# iPod Classic: Plus de musique!!!



## Miami (1 Juin 2014)

Bonjour, 
Du jour au lendemain, mon iPod ne trouve plus mes musiques pourtant toujours là.
J'ai réussi à en sauvegarder l'intégral en affichant les fichiers cachés.
D'apres mes recherches, il semblerait que le fichier itunes_DB soit corrompu. Je l'ai effacé, reconnecté l'iPod à iTunes qui en a donc crée un nouveau et qui voit bien le iPod mais toujours pas la musique: "60go autres"
La solution serait de reformater l'iPod et rajouter les musiques manuellement, mais j'aimerai éviter de refaire toutes mes listes de lectures. 
Quelqu'un aurait-il une solution  ou est-ce définitivement mort?


----------



## Miami (2 Juin 2014)

UP! Personne?


----------



## Vanton (16 Juillet 2014)

Salut. Pourquoi devrais tu refaire tes listes de lecture ?

L'iPod est conçu pour récupérer tes listes iTunes, que tu synchronises. Tu as normalement fait tes listes de lecture sur ton ordi, dans iTunes, et l'iPod s'est contenté d'en hériter lors des synchros. Si tu formates l'iPod et que tu remets dessus ta bibliothèque iTunes, tu devrais retrouver les playlist que tu avais sur ton ordi, comme avant. 
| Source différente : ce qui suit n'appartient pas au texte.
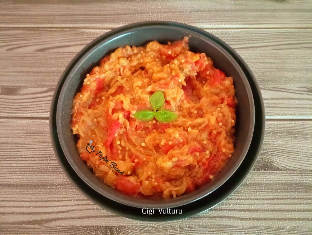 Intr-un bol se amesteca vinetele maruntite cu rosiile zdrobite, usturoi, sare si ulei.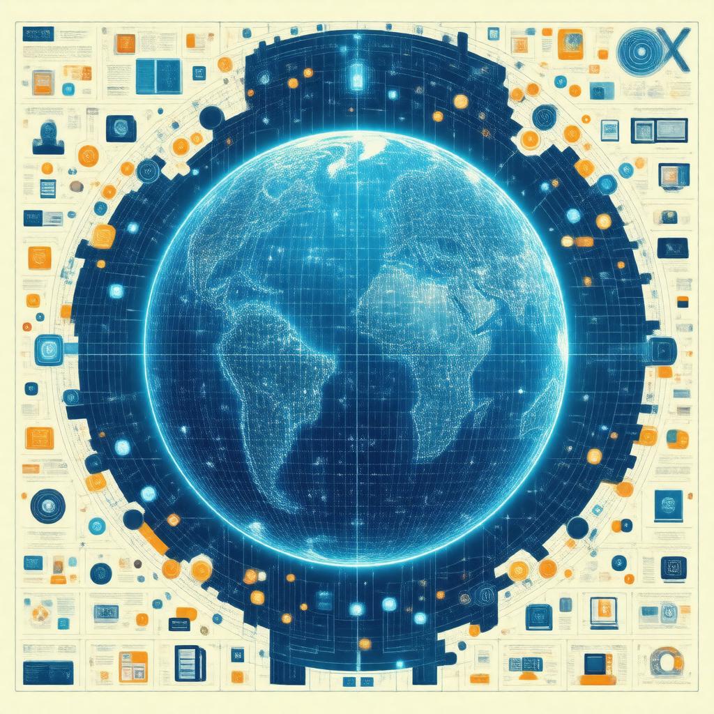"Create an image of a modern, sleek online learning platform interface, with a stylized globe in the background, surrounded by icons representing various subjects such as STEM, humanities, business, and more. Incorporate a subtle pattern of code and circuit boards to reflect the platform's open-source technology, Open edX. Display the edX logo prominently, and include a few partner university logos, such as MIT and Harvard, in the periphery. Use a predominantly blue and white color scheme to convey a sense of trust, innovation, and accessibility. Style: a futuristic, minimalist digital illustration."

À moins qu'il ne soit possible de créer des playlist directement depuis l'iPod ? Et que tu n'aurais pas synchronisées avec ton ordi ? Mais dans mes souvenirs ça n'est pas faisable... Cela dit ça fait des années et des années que je n'ai pas utilisé d'iPod classic.


----------



## Miami (15 Avril 2015)

Vanton a dit:


> Salut. Pourquoi devrais tu refaire tes listes de lecture ?
> 
> L'iPod est conçu pour récupérer tes listes iTunes, que tu synchronises. Tu as normalement fait tes listes de lecture sur ton ordi, dans iTunes, et l'iPod s'est contenté d'en hériter lors des synchros. Si tu formates l'iPod et que tu remets dessus ta bibliothèque iTunes, tu devrais retrouver les playlist que tu avais sur ton ordi, comme avant.
> 
> À moins qu'il ne soit possible de créer des playlist directement depuis l'iPod ? Et que tu n'aurais pas synchronisées avec ton ordi ? Mais dans mes souvenirs ça n'est pas faisable... Cela dit ça fait des années et des années que je n'ai pas utilisé d'iPod classic.


Alors pour conclure, presque 1 an après! Mes listes de lectures ne sont pas les mêmes dans l'iPod et itunes. Itunes me sert pour mon metier de DJ et l'ipod, plus pour écouter ailleurs.... On d'ailleurs y faire des listes de lecture, intelligentes ou pas.
J'ai du coup formaté ce dernier mais avant cela, j'ai pu récupérer mes musiques en mode disque dur


----------